/papaline

Clojure concurrent pipleline on core.async

Primary LanguageClojureEclipse Public License 1.0EPL-1.0

papaline

Clojure concurrent pipeline on core.async.

Build Status

What is a pipeline ?

A pipeline is a series of stages connected by channels, where each stage is a group of goroutines go blocks running the same function. In each stage, the goroutines go blocks

  • receive values from upstream via inbound channels
  • perform some function on that data, usually producing new values
  • send values downstream via outbound channels

Each stage has any number of inbound and outbound channels, except the first and last stages, which have only outbound or inbound channels, respectively. The first stage is sometimes called the source or producer; the last stage, the sink or consumer.

(source)

Usage

Like clojure.core/comp, with concurrent magic.

Bootstrap

Leiningen

latest version on clojars

Clojure

(require '[papaline.core :refer :all])

Pipeline functions

A stage is a simple clojure function wrapped with the stage function.

A pipeline is an ordered sequence of stages.

(defn save-msg [user-id msg]
  ;; write the msg to mysql and get the msg id
  [user-id msg-id])

(defn query-followers [id msg-id]
  ;; ask mysql for some ids
  [follower-ids msg]
)

(defn fan-out-to-redis [follower-ids msg]
  ;; spread msg to redis lists
)

(def save-status
  (pipeline (map stage [save-msg query-followers fan-out-to-redis])))

You can also give stage a name by named-stage.

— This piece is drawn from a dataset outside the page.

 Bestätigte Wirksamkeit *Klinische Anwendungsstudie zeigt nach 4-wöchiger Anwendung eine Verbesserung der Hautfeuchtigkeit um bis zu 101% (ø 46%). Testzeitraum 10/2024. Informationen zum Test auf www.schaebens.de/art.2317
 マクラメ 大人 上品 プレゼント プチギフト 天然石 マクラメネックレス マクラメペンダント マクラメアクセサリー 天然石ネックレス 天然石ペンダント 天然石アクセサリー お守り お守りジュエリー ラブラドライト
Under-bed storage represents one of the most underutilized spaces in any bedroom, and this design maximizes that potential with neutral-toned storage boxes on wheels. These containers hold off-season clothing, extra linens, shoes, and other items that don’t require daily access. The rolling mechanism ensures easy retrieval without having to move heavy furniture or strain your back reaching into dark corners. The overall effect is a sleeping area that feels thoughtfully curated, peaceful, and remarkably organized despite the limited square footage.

The name will be available from error-handler so you can log which stage is having issue.

;; you can also make a macro for this
(named-stage "fan-out-to-redis" fan-out-to-redis)

Run the pipeline

(run-pipeline save-status
  "userid"
  "Putin orders to approve draft bill on integration of #Crimea into
Russia http://on.rt.com/xhz2zu")

Run pipeline and wait for the results

(println (run-pipeline-wait save-status
  "userid"
  "Putin orders to approve draft bill on integration of #Crimea into
  Russia http://on.rt.com/xhz2zu"))

And wait with a timeout

(println (run-pipeline-timeout save-status
  5000 ;; timeout in msecs
  nil ;; return value on timeout
  ;; arguments
  "userid"
  "Putin orders to approve draft bill on integration of #Crimea into
  Russia http://on.rt.com/xhz2zu"))

Stop a pipeline: the entire pipeline will be stopped and no more input will be processed.

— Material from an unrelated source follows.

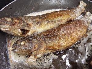 通常は魚を〆てから調理するまでに1日程度置かないと、身が締まりすぎていて調理中に破裂するのですが、今回はより鮮度が良いものを食するためにすぐにムニエルにしました。身が活かっているため、破裂しましたが新鮮な証拠です。

(cancel-pipeline save-status)

Special return types in stage functions

(abort)

You can abort task execution at any stage of pipeline. Just return in your stage function.

(defn my-stage []
  (if ...
    ...
    (abort)))

You can also add some return value for run-pipeline-wait and run-pipeline-timeout with (abort):

;; returns 123 as pipeline result
(abort 123)

(fork) and (join)

New in 0.3, you can use (fork) to split tasks, to execute them in parallel in the next stage.

(join)ed results will wait for all forked tasks to finish, then pass them as a whole result to next stage.

Note that if you do not join the results, then the first sub-task result in forked staged will be returned value for run-pipeline-wait and run-pipeline-timeout

(defn find-followers []
  ...
  (fork (map #(vector % msg-id) followers)))

(defn fanout-to-redis [user-id msg-id]
  ...
  (join true))

Dealing with Except!ons

It is possible to define an error handler for each pipeline. An error handler is a simple function takes the Exception and current input as arguments.

(pipeline
  (map stage [save-msg query-followers fan-out-to-redis])
  :error-handler (fn [e]
    ;; logging...
    (logging/warn e "error" (ex-data e)))

If you are using named-stage to define the stage, the name will be available as :stage in ex-data.

For synchronous call like (run-pipeline-wait) and (run-pipeline-timeout), the exception will be thrown to caller thread too.

License

Copyright © 2014 Sun Ning sunng@about.me

Distributed under the Eclipse Public License either version 1.0 or any later version.